Это может показаться похожим на телепатию, чтение мыслей или экстрасенсорику, но это не то. Они не читали мысли, их не интересовало содержание этого хлама. Они знали устройство мира и законы мышления, видели и чувствовали их так тонко, что могли говорить с человеком в соответствии с тем слоем сознания, в котором находилось в тот момент его мышление. У человека определенного общества и культуры все слои мышления уложены в самокате очень и очень сходно. При определенном опыте и ясности сознания вовсе не так уж трудно говорить за человека его сокровенные мысли, и не только бытовые, которые он прячет, чтобы быть неуязвимым, потому что у него есть враги. Можно ведь рассказать и ту сказку, которую он носит в себе и скрывает, потому что у него нет друзей...
Это и есть оказывание. Но учился этому я все-таки не у дедов, а у старой знахарки и повитухи бабы Любы.
Меня направил к ней Дядька незадолго до своего ухода. Я уже был к тому времени знаком с Поханей, но к нему Дядька велел идти только после бабы Любы.
— Ну, это колдунья, не то что моя Нюра!— сказал он про нее.
Из-за этого я ехал к ней с легким трепетом, невольно вспоминая свой приход к Степанычу и описания мрачных деревенских колдунов из этнографической литературы.
Не было ничего даже близкого к этому.
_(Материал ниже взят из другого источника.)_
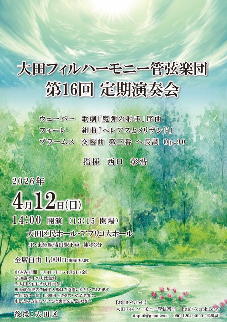 日時:2026年4月12日(日) 14:00開演 (13:15開場) 会場:大田区民ホール・アプリコ 大ホール 入場料:1,000円(70歳以上の方は無料、大田区在住の方は500円)(事前申込制。当日…
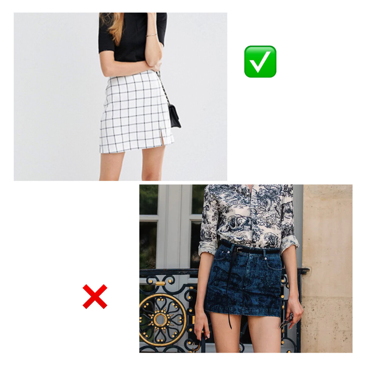 Со своим ростом (160 см) я всегда очень внимательно отношусь к длине при выборе юбки, так как хорошо подобранная по длине юбка может раскрыть все достоинства моей фигуры, а неправильная длина наоборот может все испортить. Выбирая себе юбку, я решила написать этот пост, и, возможно, помочь кому-то при выборе юбки. Начнём с мини Я сейчас не говорю про тот трендовый, на сегодняшний день, вариант мини, который был популярен в 2000-х. А говорю про классическую мини-юбку, которая чаще всего подходит под любой верх и обувь. Идеальная мини-юбка: высокая посадка (выше пупка), чуть свободная, длина до середины бедра. Таким образом высокая посадка не искажает пропорции фигуры, а длина заканчивается на более стройном месте ноги. Чем больше будет облегать юбка, тем не актуальнее будет смотреться образ в целом. Всегда помните про правило воздуха между кожей и одеждой. Недомиди и перемини В голове сразу же всплывают образы во
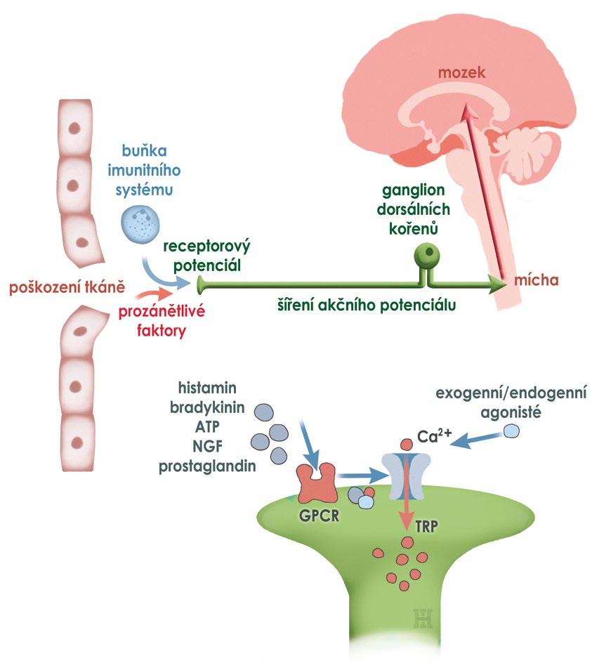 V reakci na aktuální nebo potenciálně škodlivé chemické, mechanické nebo tepelné podněty impulz bolesti přenášejí dva typy primárních aferentních nociceptorů, Aδ- a C-vlákna do dorzálního rohu míchy a vzestupných korových drah do mozku. Pokud je překročen práh bolesti při poškození tkáně, zvyšuje se periferní citlivost na následné podněty. Senzitizace je pouze dočasná, pokud jsou bolestivé impulzy krátkodobé, nicméně trvalá přítomnost podnětů a následná senzitizace může způsobit změny periferních nervů a centrálního nervového systému.
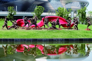 《戲韻》一組11件,立在江蘇大劇院北門的草坪上。這組作品取材于“三娘教子”“三擊掌”和“趙氏孤兒”等傳統(tǒng)經(jīng)典劇目,這些雕塑表情傳神,一招一式讓人感受到戲劇的魅力。“它們就是永不落幕的戲曲。”吳為山說。(胡玉梅 鹿偉)
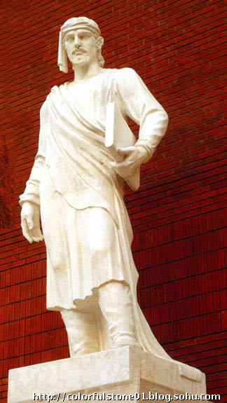 聳立的紅磚墻建筑與馬可波羅漢白玉像交相輝映,雕塑的設(shè)計(jì)與制作充分考慮了環(huán)境需求,是一件成功的藝術(shù)作品。
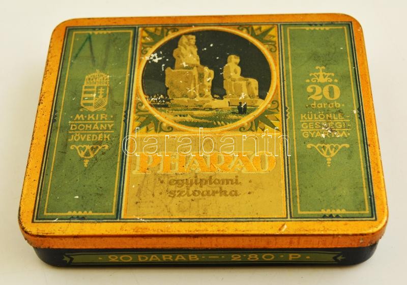 Pharao egyiptomi szivarka fém doboza, kopásnyomokkal, 9x7,5x2 cm https://www.darabanth.com/hu/309-Gyorsarveres/309.0/Festmeny-mutargy-papirregiseg-egyeb/Bolhapiac~11/Pharao-egyiptomi-szivarka-fem-doboza-kopasnyomokkal-9x7-5x2-cm~II1683141
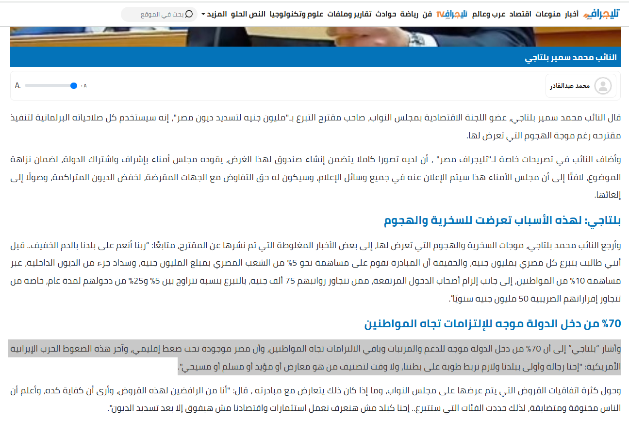 تتبع فريق "تفنيد" تصريحات عضو اللجنة الاقتصادية بمجلس النواب المصري، بخصوص دخل مصر الموجه للدعم والمرتبات وباقي الالتزامات تجاه المواطنين، في تصريحات خاصة لموقع "تليجراف"، يوم 9 أبريل 2026، ووجد أنه "مضلل"، وفقًا للموازنة العامة للدولة.
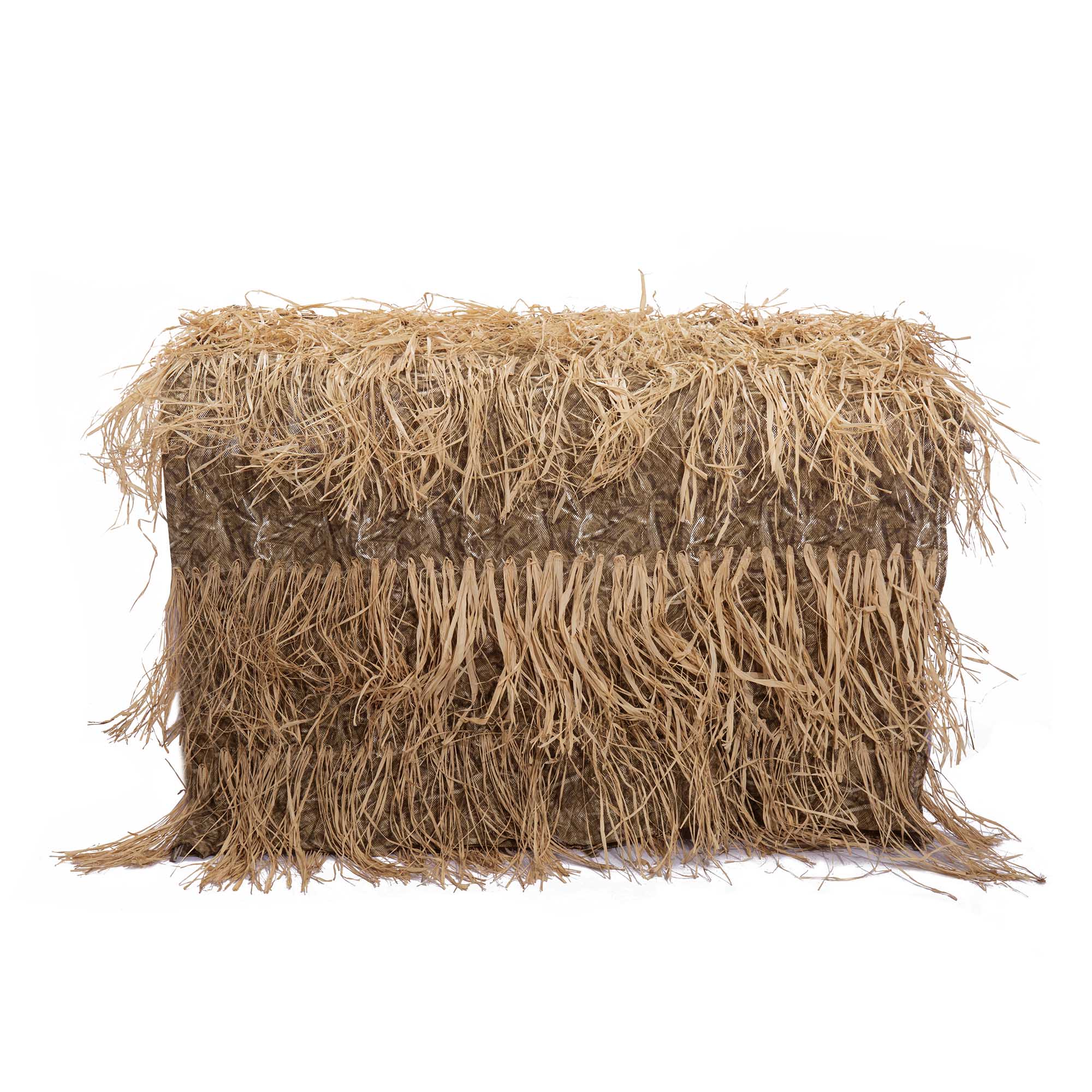 Основой служит прочная полиэфирная ткань, которая не впитывает влагу, не выгорает на солнце и не бликует. На поверхность полотна нашита натуральная рафия — экологичный и долговечный материал, имитирующий траву и камыш.
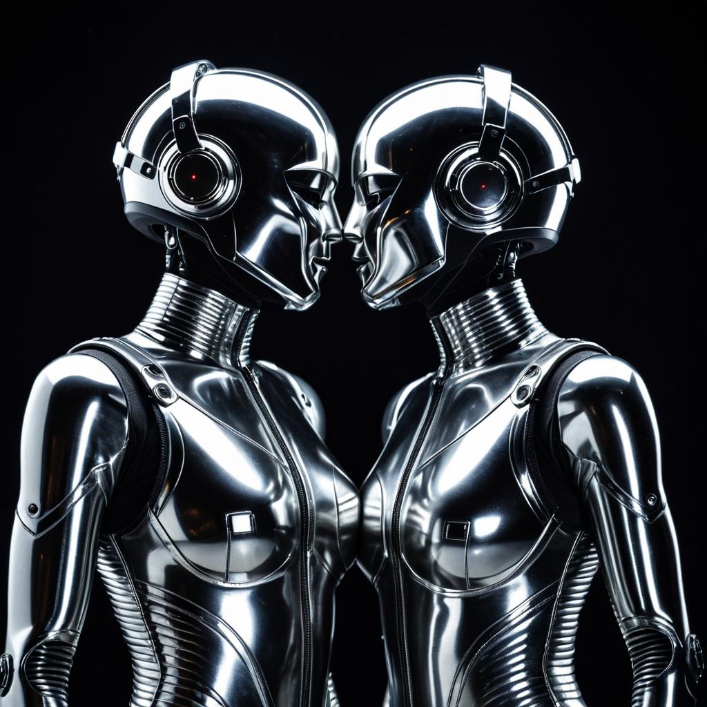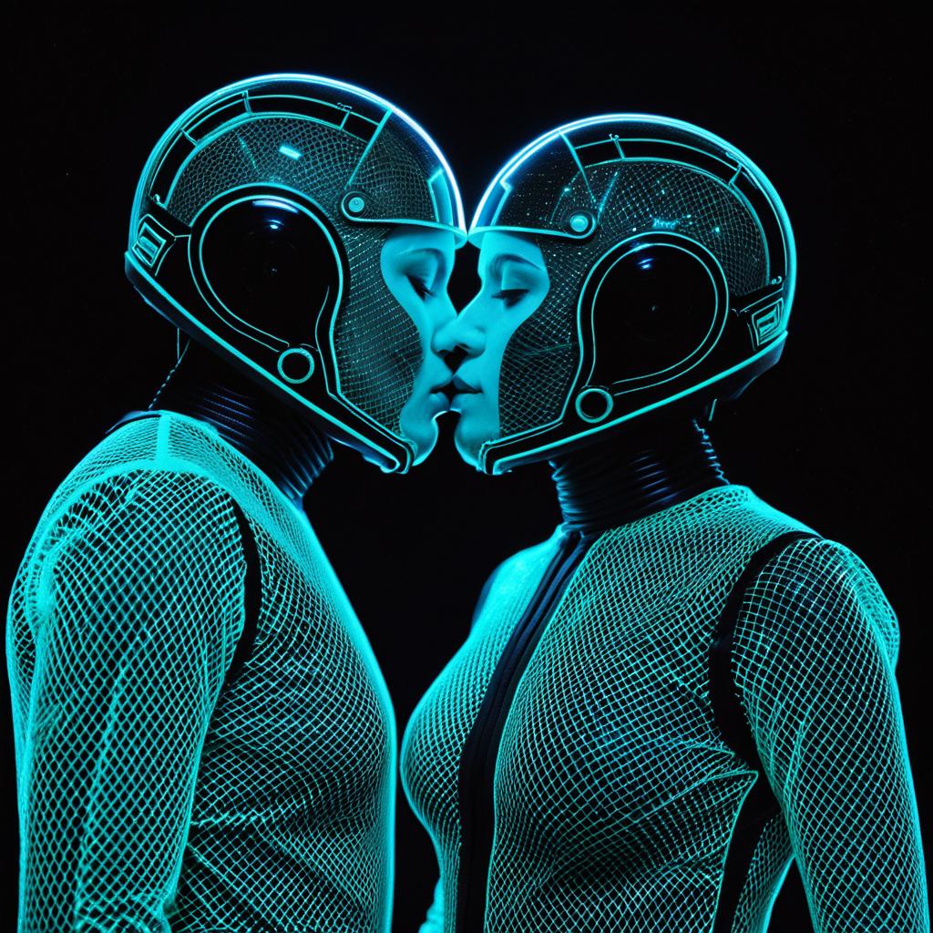 Portrait of two half-human, half-robot figures kissing, wearing glossy black exoskeleton suits with illuminated circuit patterns, in the style of James Gilleard, highly detailed
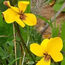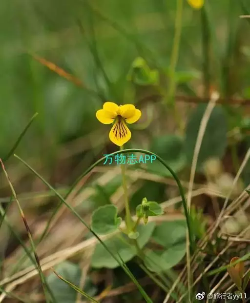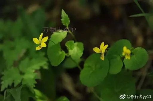 双花堇菜又名:孪生堇菜,短距黄花堇菜。多年生草本。根状茎细或稍粗壮,垂直或斜生,具结节,有多数细根。地上茎较细弱,高10-25厘米,2或数条簇生,直立或斜升,具3(-5)节,通常无毛或幼茎上被疏柔毛。基生叶2至数枚,具长4-8厘米的长柄,叶片肾形、宽卵形或近圆形,长1-3厘米,宽1-4.5厘米,先端钝圆,基部深心形或心形,边缘具钝齿,上面散生短毛,下面无毛,有时两面被柔毛;茎生叶具短柄,叶柄无毛至被短毛,叶片较小;托叶与叶柄离生,卵形或卵状披针形,长3-6毫米,先端尖,全缘或疏生细齿。花黄色或淡黄色,在开花末期有时变淡白色;花梗细弱,长1-6厘米,上部有2枚披针形小苞片;萼片线状披针形或披针形,长3-4毫米,先端急尖,基部附属物极短,具膜质缘,无毛或中下部具短缘毛;花瓣长圆状倒卵形,长6-8毫米,具紫色脉纹,侧方花瓣里面无须毛,下方花瓣连距长约1厘米;距短筒状,长2-2.5毫米;下方雄蕊之距呈短角状;子房无毛,花柱棍棒状,基部微膝曲,上半部2深裂,裂片斜展,其间具明显的柱头孔。蒴果长圆状卵形,长4-7毫米,无毛。花果期5-9月。

К бабе Любе я вошел легко и радостно. Она буквально растаяла, когда я передал привет от Дядьки и тети Нюры. А когда сказал, что я внук Екатерины Ильиничны, она заплакала и запричитала, что-то вроде:
— Подруженька моя дорогая!., и на кого ты меня покинула!., и как же мне жить-то горемышной!..— но вдруг сама себя перебила,— Вишь, старая стала, никак, помирать собираюсь...— и вытерла слезы.
С этого дня я почти год был у нее желанным гостем, почти что внуком. Впрочем, у меня есть подозрение, что я действительно был им всем дальним внучатым племянником (для меня это звучит как: со-племянником—соплеменником), а они все были между собой в очень древнем родстве.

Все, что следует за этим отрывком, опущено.